Introduction to apply functions (optional video): link
In our case, we want to (i) iterate over every element in the list split_by_phylum and (ii) extract the kingdom/phylum of every element of the list "split_by_phylum". Therefore, the first parameter of the sapply function will be the list split_by_phylum. The second parameter of sapply will be a function that prints the kingdom/phylum.
So now, lets extract the phylums of every OTU and save it as a variable called phyla.
phyla=sapply(split_by_phylum, function(i){ i[1] })
#What does this accomplish?
phyla[1:5]
## [1] "k__Fungi;p__Ascomycota" "k__Fungi;p__Ascomycota" "k__Fungi;p__Ascomycota"
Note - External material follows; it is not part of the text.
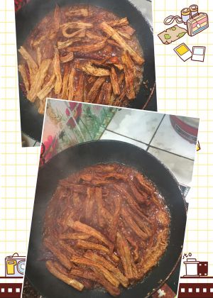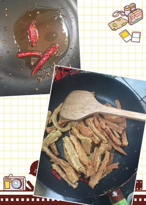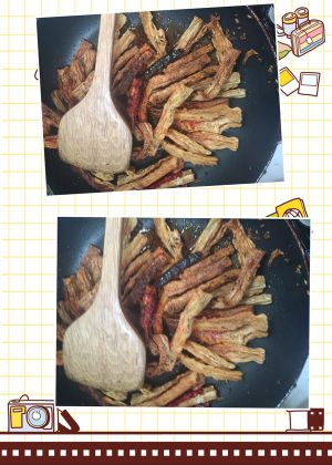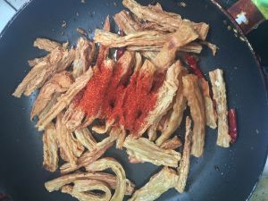 放入辣椒煸炒一下,加入炸好的腐竹炒香

## [4] "k__Fungi;p__Ascomycota" "k__Fungi;p__Ascomycota"
Great! Now we know the phyla of every OTU! By the way, to get a really good mark on your report, you will need to provide evidence that you can use the tools that your learned to perform a novel analysis that isn’t directly covered in the workshop. One great and easy idea for extending the project in the final report is to modify this code so it extracts information from each OTU at a different taxonomic level (like class, order or family). For instance, if you want to analyse the ‘class’ instead of ‘phylum’, all you need to do is replace ’;c__’ with ’;o__’ in the code above.
Next, we might ask: How many different phyla do we have? What are they? This will use two functions that you have seen in previous workshops: “unique” (which returns the unique values of a vector, getting rid of duplicates) and “length” (which returns the length of a vector).
length(unique(phyla))
## [1] 15
unique(phyla)
## [1] "k__Fungi;p__Ascomycota" "k__Fungi;p__Basidiomycota"
## [3] "k__Fungi;p__Chytridiomycota" "k__Fungi;p__Entomophthoromycota"
## [5] "k__Fungi;p__Glomeromycota" "k__Fungi;p__GS19"
## [7] "k__Fungi;p__Kickxellomycota" "k__Fungi;p__Mortierellomycota"
## [9] "k__Fungi;p__Mucoromycota" "k__Fungi;p__Olpidiomycota"
## [11] "k__Fungi;p__Rozellomycota" "k__Fungi;p__unidentified"
## [13] "k__Fungi;p__Zoopagomycota" "k__Protista;p__Cercozoa"
## [15] NA
This means we have 15 unique phyla in our hedges and we now know their names.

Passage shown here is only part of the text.